22.50.1.2.2. validation-post-hardware¶
This stage is a RackN predefined stage designed to run immediately after the Machine hardware has been configured (typically things like BIOS configuration, Flash Firmware updates, RAID configuration, etc).
22.50.1.2.3. validation-post-install¶
This is a RackN predefined stage designed to be executed in the final installed operating system. This stage requires that the installed OS is utilizing the drp-agent, runner-service or ESXi agent-install stages to execute Worfklow in the installed OS.
22.50.1.2.4. validation-record-parameters¶
This stage allows for a system to record the values of an inventoried system for use in validation later. The stage will build a validate/parameters that validates the parameters defined in validate/record-parameters.
This assumes that the inventory stage has already be run.
22.50.1.3. tasks¶
The content package provides the following tasks.
22.50.1.3.1. validate-nic-counts¶
This task implements the Validation library function to verify that a given system has a minimum number of NICs in the system, and that a minimum number of those NICs can be brought to a “link UP” state.
The link up state refers only to the systems ability to bring the link UP, but does not attempt to configure any IP or network stack details on the link. This verifies cable connectivity and remote switch end is able to establish “UP” state.
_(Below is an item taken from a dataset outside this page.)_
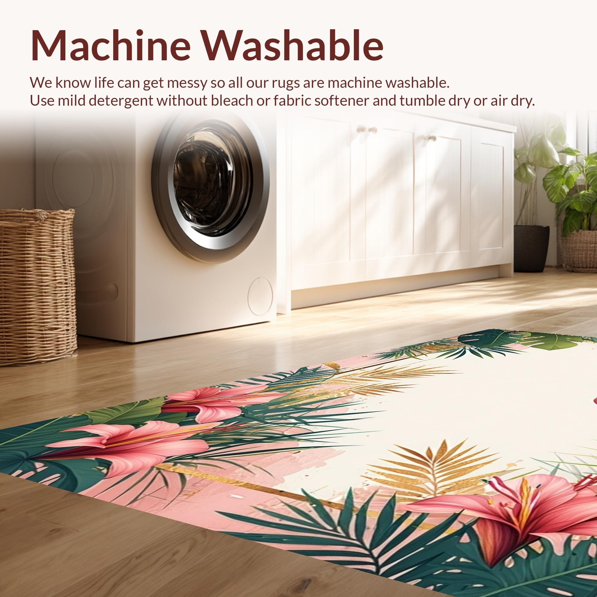 - Machine Washable: Our rugs can be easily thrown in the wash machine.

22.50.1.3.2. validate-parameters¶
This task implements the Validation library function to verify that the parameters specified in validate/parameters match their schema and value.
This assumes that all the parameters have already been set.
22.50.1.3.3. validate-record-parameters¶
This task records the values from the inventory/collect parameter and stores them in the validate/parameters object format for validation. The default operation is equals.
This assumes that inventory as already been run.
22.50.1.3.4. validation-clear-errors-ignore¶
This task resets the validation/errors-ignore contents to an empty value.
The validation/errors-ignore Param is not reset at the beginning of each Stage run with the validation-start task. It is assumed that the operator would like to harvest the validation failure log messages, but not have them as regularly reset.
The ignored error messages will be prefixed with the Stage, Task, and Current Job UUID so they may be correctly correlated at a later time.
To use this Task, simply add it to the control Param task list whereever the operator would like the Machines Param cleared. It might make sense to add it as the very first Task in the first Validation Stage in a given Workflow.
22.50.1.3.5. validation-start¶
This task begins a given Validtion stage. No other tasks should preceed it on the stage, and the only other task that should follow is the validation-stop task.
Tasks will be dynamically injected in to the workflow after this task, if they have been specified by the appropriate control Params.
22.50.1.3.6. validation-stop¶
This task ends a given Validtion stage. No other tasks should follow it on the stage, and the only other task that should preceed is the validation-start task.
Tasks will be dynamically injected in to the workflow if they have been specified by the appropriate control Params prior to this task.